Fucking dreams. 7:59 p.m. 2002-04-17
8 years ago the return of the nightmares would have sent me spiraling into a deep depression. Upon reflection I note that these depressions that surrounded my haunting nightmare wasn't necessarily attached to a pathos. I had a depressive reaction to the lack of sleep, severe headaches, and terrifying dreams, but that initial depressive response tended to be persistet. Not because those things kept the depressive thoughts alive, but because I was depressed about being depressed. Make sense?

Things have changed a bit. The last time I experienced the dreams was back when Susan broke my heart.
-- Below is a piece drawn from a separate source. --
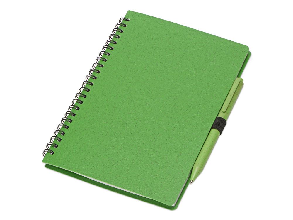 Блокнот с обложкой из переработанной пшеницы и пластика. Блок состоит из 80 листов переработанной бумаги белого цвета. Крепление - пружина. В комплекте шариковая ручка в тон блокноту из пшеничной соломы.

It weakened my state of mind enough to let the demons free, and I didn't have the heart nor will to try and snap out of the depressed state I was in. I was depressed about losing the love of my life while I was experiencing these dreams, so it just made it a big gloomy mess.

Now, though, the shadows came and it was like old times. But after the hand full of baby blues, the bottle of wine, and about 10 hours of unnatural sleep. I was okay. I wasn't depressed about being depressed. The pain in my head wasn't there, the terror of the dream had subsided, I was okay. I wasn't depressed because I had been depressed. Even if they do come back tonight.

Maturity? Probably. The state that these dreams, combined with the other factors, causes a real physical depression. I don't have to perpetuate that depression mentally.

Oh well, I found the difference interesting. I am, however, amazingly lazy today. Still groggy and slow from last night. I should go to Roma and study. Yes, I should. Will I? Pfft, not bloody likely. I'm leaving for Atlanta for a few days then on to New York for a few more, should be a nice vacation.